Unnamed: 0,target_carbon_monoxide,target_benzene,target_nitrogen_oxides
count,1000.0,1000.0,1000.0
mean,2.1559,9.4046,133.457
std,1.350907,7.058877,83.068072
min,0.3,0.1,11.4
25%,1.1,3.9,71.85
50%,1.8,7.9,116.6
75%,2.8,13.2,176.4
max,8.3,41.6,568.0


Now, I will make random predicitons for the three target variables in sample_train using the function random.uniform(); I limit the value of the predictions to 500

In [23]:
random_predictions_dict={}
for i in sample_submission.columns:

    if i != 'date_time':   

        random_predictions_dict[i]=[random.uniform(0, 500) for x in range(len(sample_train))]
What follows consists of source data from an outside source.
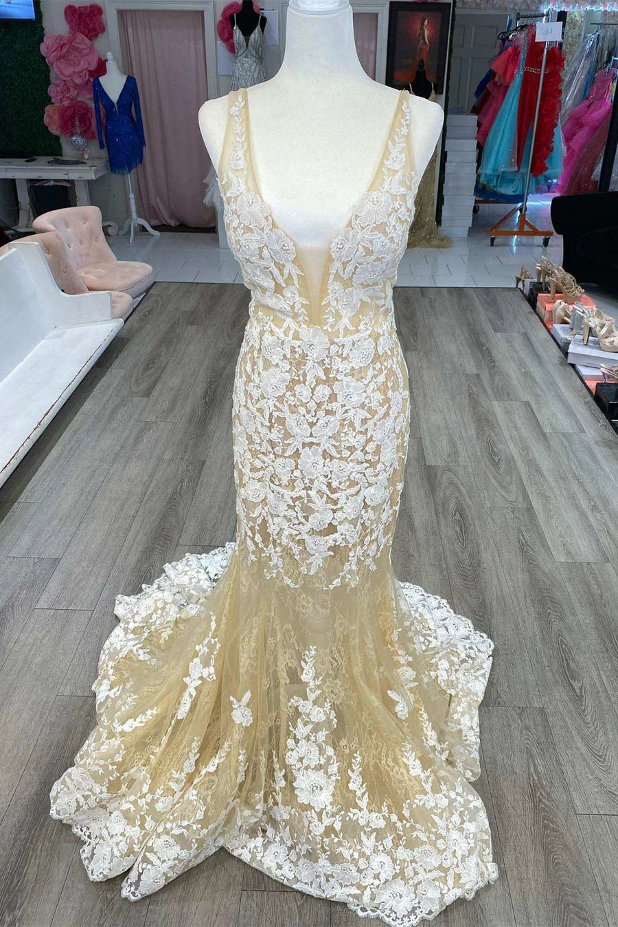 Light Yellow Floral Lace Plunge V Trumpet Long Prom Gown
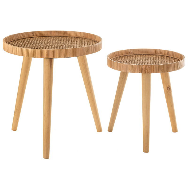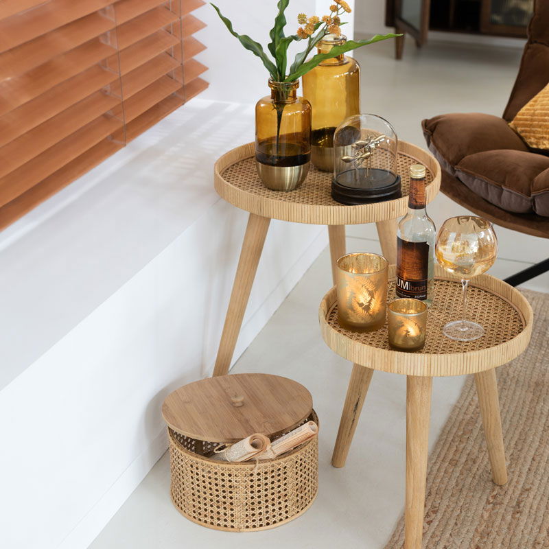 YARU rattan bijzettafel set plantentafeltjes 50cm & 60cm breed
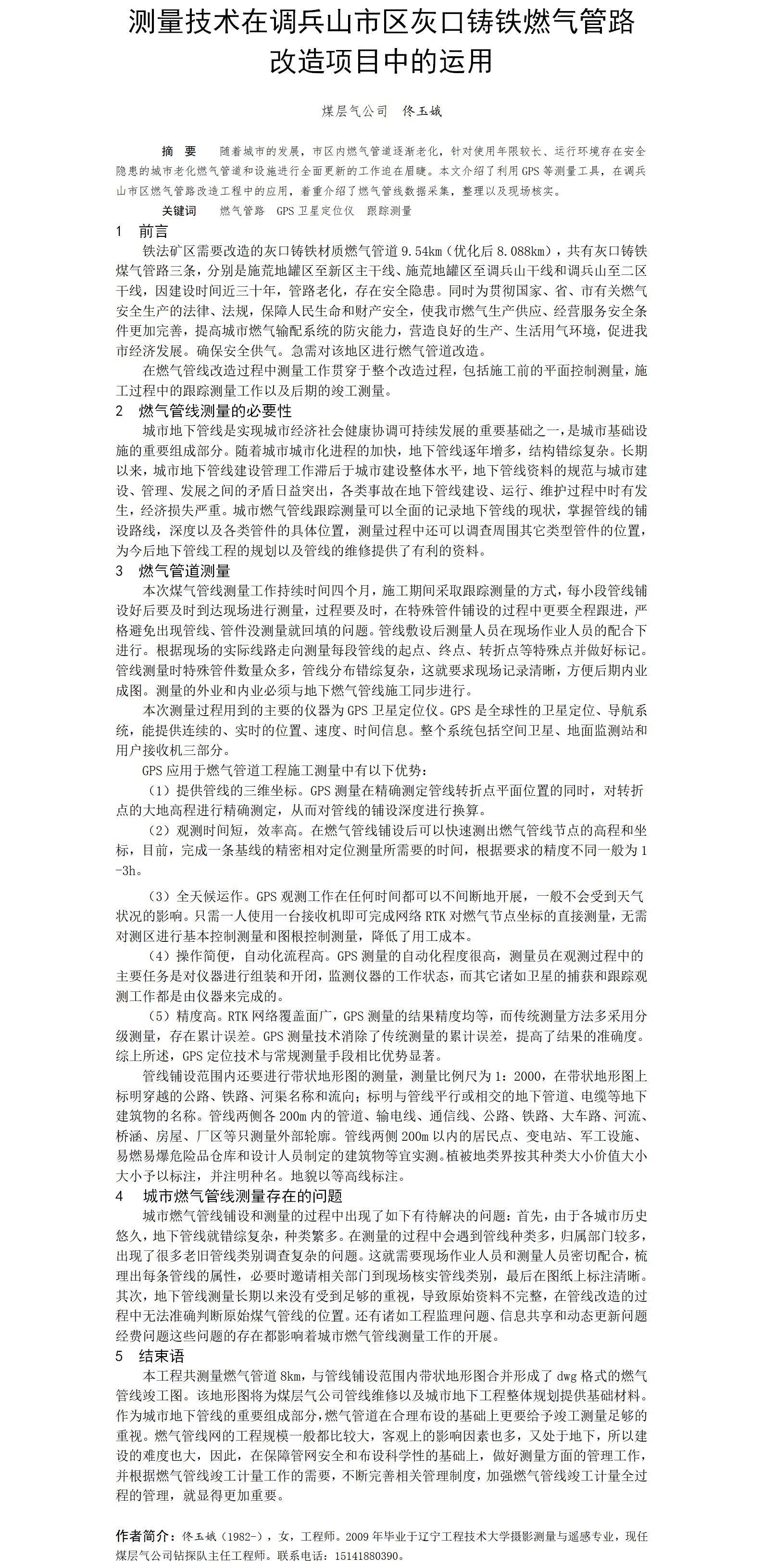 第59屆等級(jí)獎(jiǎng)?wù)撐?--測(cè)量技術(shù)在調(diào)兵山市區(qū)灰口鑄鐵燃?xì)夤苈犯脑祉?xiàng)目中的運(yùn)用
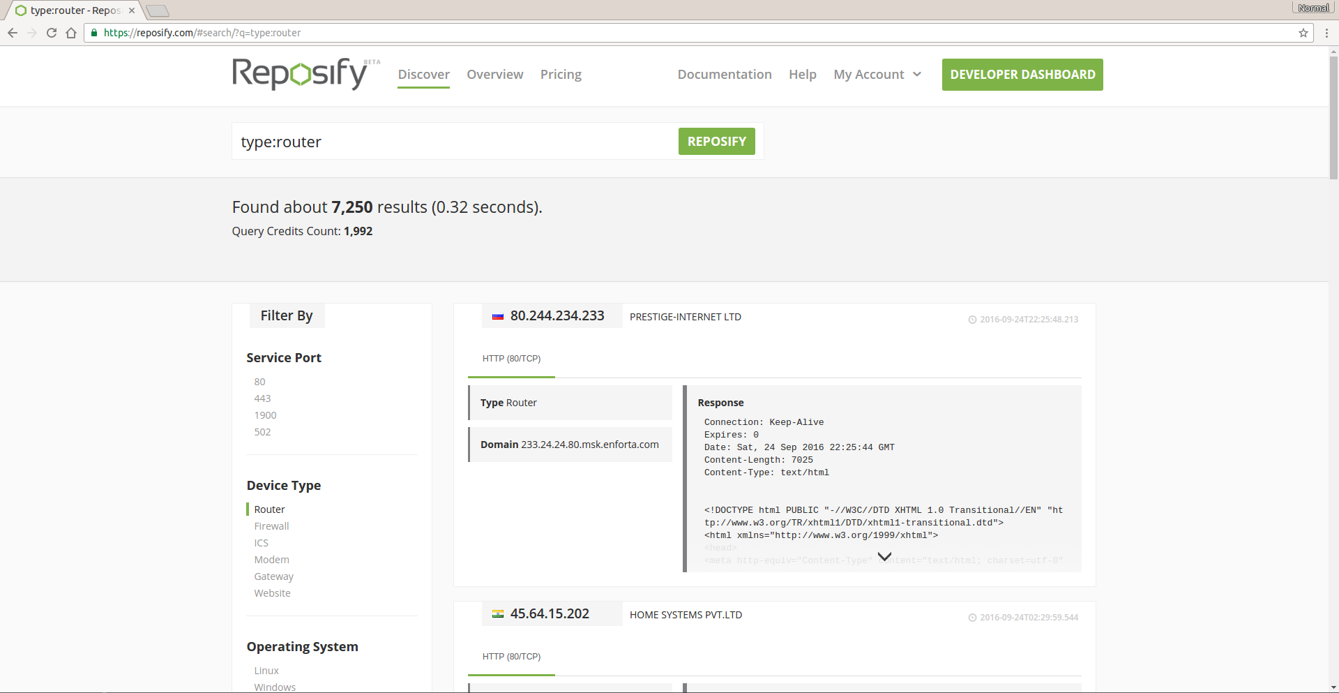 Détecter en un clic de souris tous les capteurs, dispositifs, systèmes et équipements connectés à l'Internet public et offrir un moyen de recherche efficace et rapide de tous ces objets avec leurs caractéristiques ...associées, telle est l’ambition du moteur de recherche développé par la toute jeune société israélienne Reposify (fondée en 2016 et basée à Tel Aviv). La plate-forme proposée par la société, qui commercialise aussi une API permettant aux développeurs d’intégrer les informations récupérées par l'outil dans leurs propres produits, procure une analyse ciblée des systèmes de l’IoT.
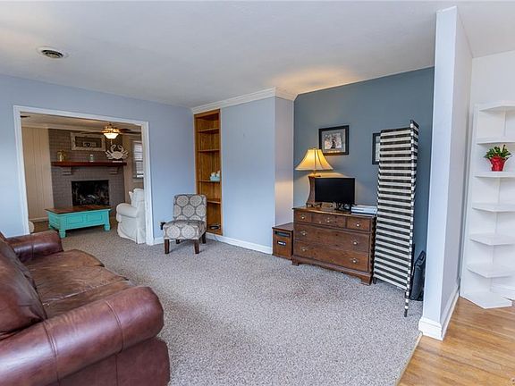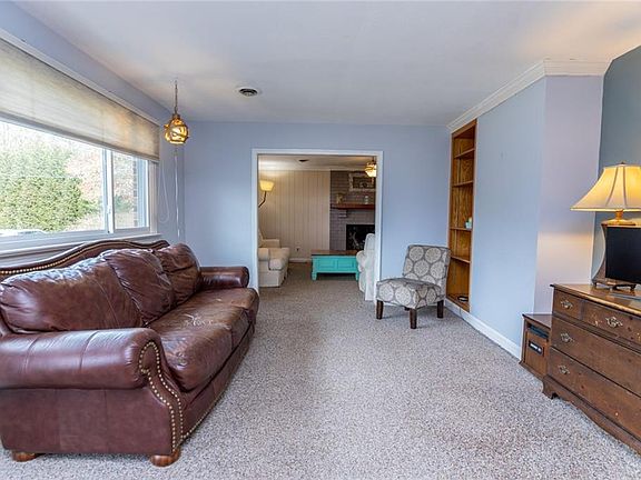 Situated on 6.5 ACRES, this brick ranch offers 1,500 sq ft of living space, 3 bedrooms and 2 full baths. Inviting foyer with wood floors. Living room with large picture window (recently replaced), neutral paint and carpet. Family room with painted brick fireplace with gas insert. Side entrance door and mud room w/ laundry. Kitchen with ample storage, white cabinetry, stainless steel appliances and eat-in area. Exterior features: rear fenced yard for the four legged family members, detached garage (approx. 1,000 sq ft) with loads of potential (partially finished as a game room, other part used as storage space) & detached storage shed. Dimensional roof, heat pump, fence were done in 2008. Property goes beyond stream in the woods. Country living with a short commute to grocery stores, restaurants & interstates! Private location yet not too far out!
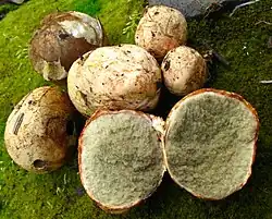 Rhizopogon evadens is a truffle-like fungus in the family Rhizopogonaceae. Found in North America, it was described as new to science by American mycologist Alexander H. Smith in 1966.[2] The fungus produces roundish to irregularly shaped fruitbodies measuring 2–5 cm (0.8–2.0 in) in diameter, with irregular lobes, wrinkles and depressions on the surface.[3] The peridium (outer tissue layer of the fruitbody) is whitish with light yellow to brown stains, and bruises red. The fungus has an unpleasant odor and a taste described as "metallic". Typical tree associates include pine, Douglas fir, and hemlock.[4] Initially white, the gleba (the interior contents) turn olive to olive-brown in maturity, with the contents developing a gelatinous consistency.[3] The smooth spores of R. evadens are narrowly ellipsoid in shape, and measure 6–8 by 2–2.3 μm.[4]
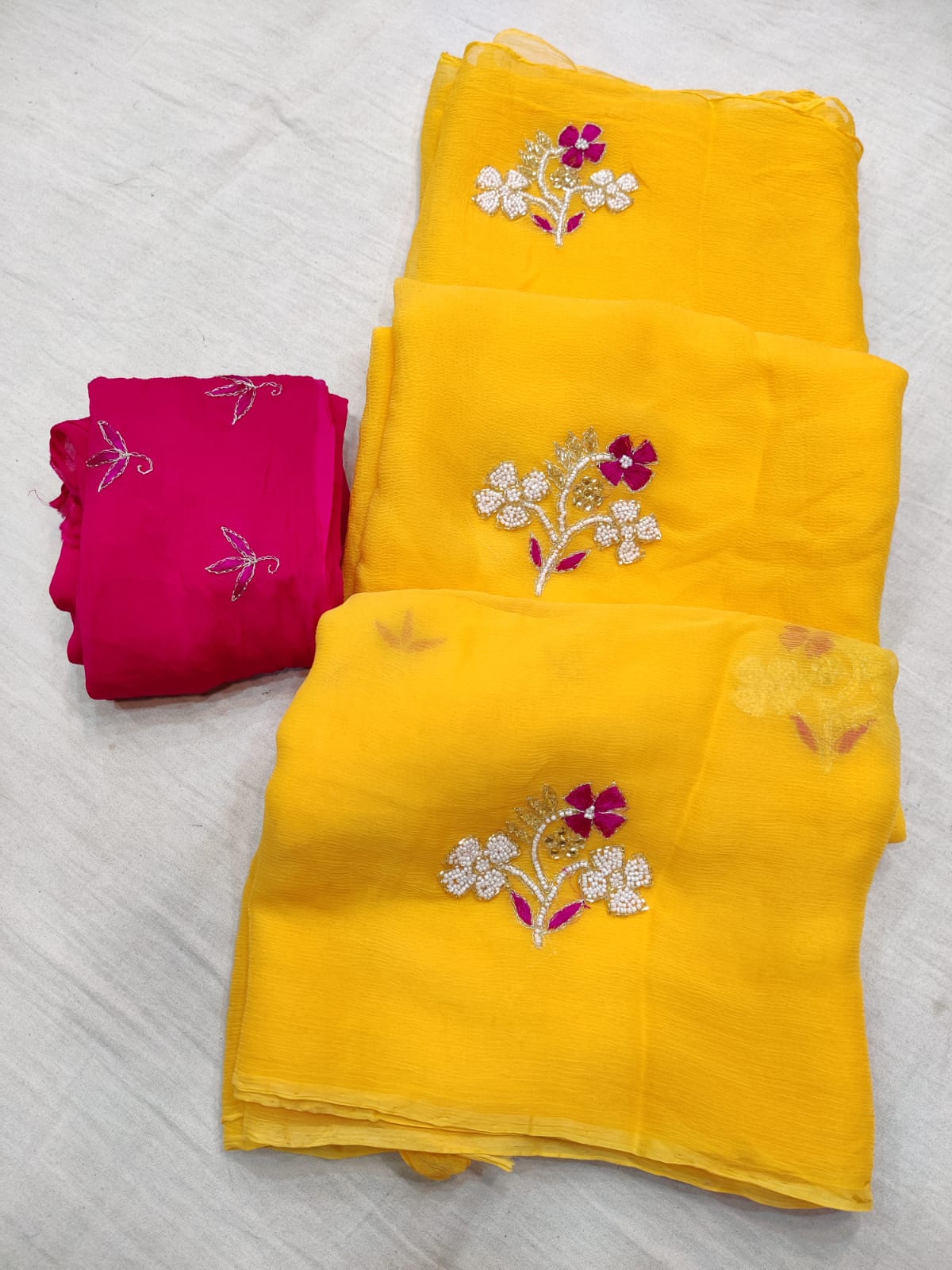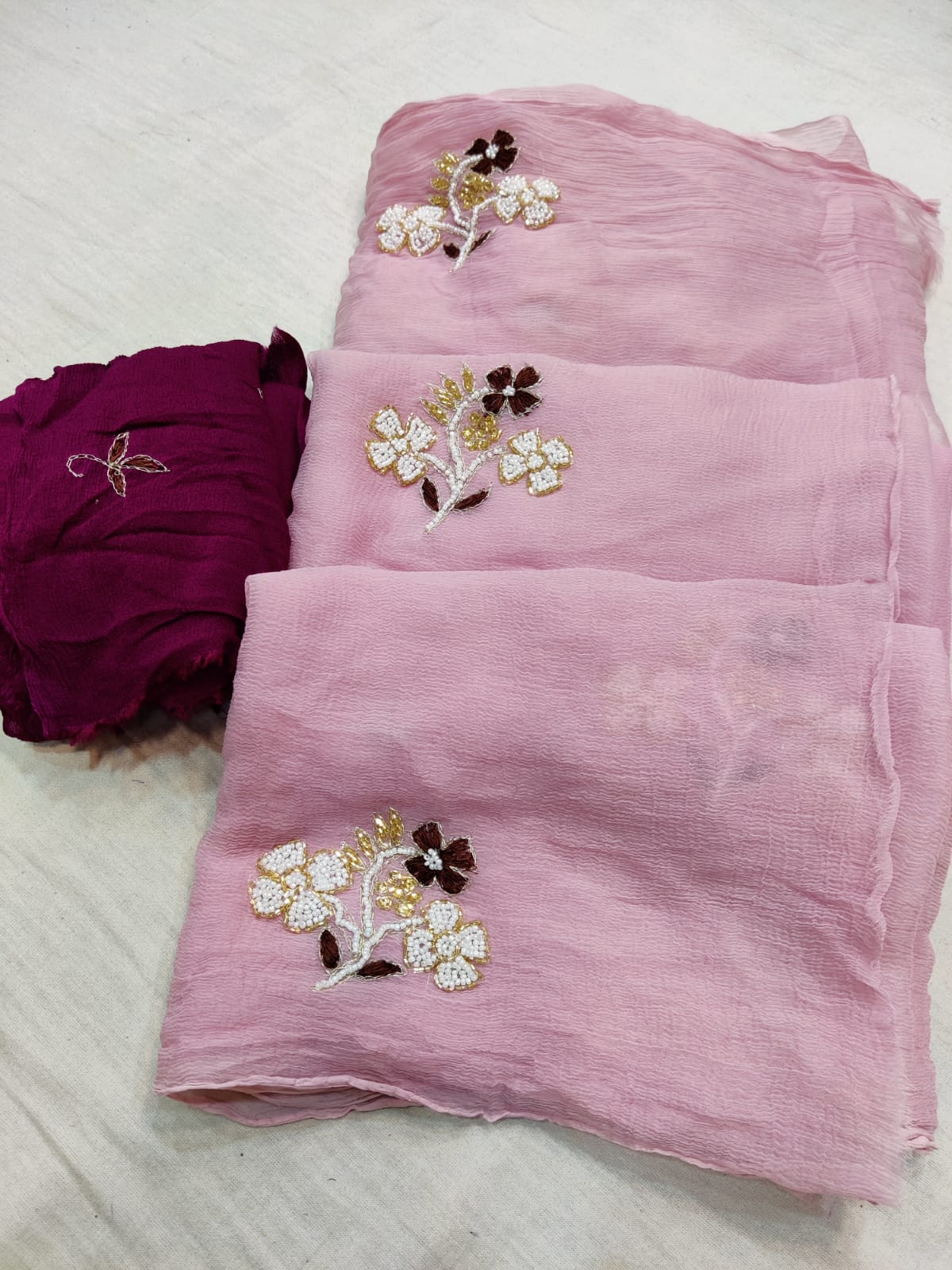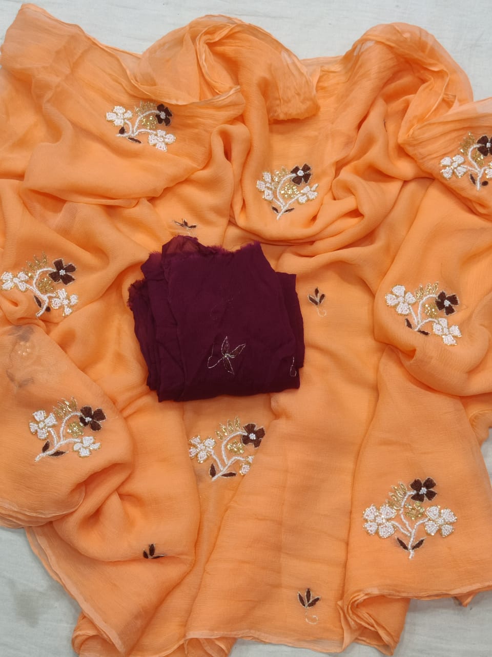 Experience the elegance and beauty of our Soma Pure Chiffon Saree, featuring handwork embroidered 13 motifs of white bead, sequins and threadwork on pure chiffon fabric. The contrast running fabric blouse adds a touch of sophistication. Admire the 13 handcrafted big butta motifs that make this saree truly unique and stunning.

random_predictions=pd.DataFrame(random_predictions_dict)
random_predictions.head()

Unnamed: 0,target_carbon_monoxide,target_benzene,target_nitrogen_oxides
0,208.47653,47.976413,296.758713
1,127.606378,188.521477,233.225711
2,201.557407,160.740496,173.390531
3,127.843661,162.312749,154.454621
4,231.393206,109.59492,207.243086


## Calculate the RMSLE of the prepared arrays

In [24]:
carbon_monoxide_pred=random_predictions['target_carbon_monoxide']
carbon_monoxide_measurement=sample_train['target_carbon_monoxide']

benzene_pred=random_predictions['target_benzene']
benzene_measurement=sample_train['target_benzene']

nitrogen_oxide_pred=random_predictions['target_nitrogen_oxides']
nitrogen_oxide_measurement=sample_train['target_nitrogen_oxides']

In [25]:
RMSLE_CM=calculate_RMSLE(carbon_monoxide_pred, carbon_monoxide_measurement)

RMSLE_BZ=calculate_RMSLE(benzene_pred, benzene_measurement)

RMSLE_NO=calculate_RMSLE(nitrogen_oxide_pred, nitrogen_oxide_measurement)

In [26]:
RMSLE_CM

4.31840256281496

In [27]:
RMSLE_BZ

3.3472023044443118

In [28]:
RMSLE_NO

1.295143563255917

## Compare results with those of sklearn metric 

In [29]:
from sklearn.metrics import mean_squared_log_error

In [30]:
RMSLE_CM_=math.sqrt(mean_squared_log_error(carbon_monoxide_measurement, carbon_monoxide_pred))
RMSLE_BZ_=math.sqrt(mean_squared_log_error(benzene_measurement, benzene_pred))
RMSLE_NO_=math.sqrt(mean_squared_log_error(nitrogen_oxide_measurement, nitrogen_oxide_pred))

In [31]:
RMSLE_CM_

4.3184025628149625

In [32]:
RMSLE_BZ_

3.3472023044443113

In [33]:
RMSLE_NO_

1.2951435632559163

In [34]:
print(round(RMSLE_CM, 13)==round(RMSLE_CM_, 13), round(RMSLE_BZ, 13)==round(RMSLE_BZ_, 13), round(RMSLE_NO, 13)==round(RMSLE_NO_, 13))

True True True


## Conclusion

Based on a comparison with an Sklearn metric, the funciton defined in this notebook can calculate the RMSLE of an array of observations with precision up to 13 decimal places.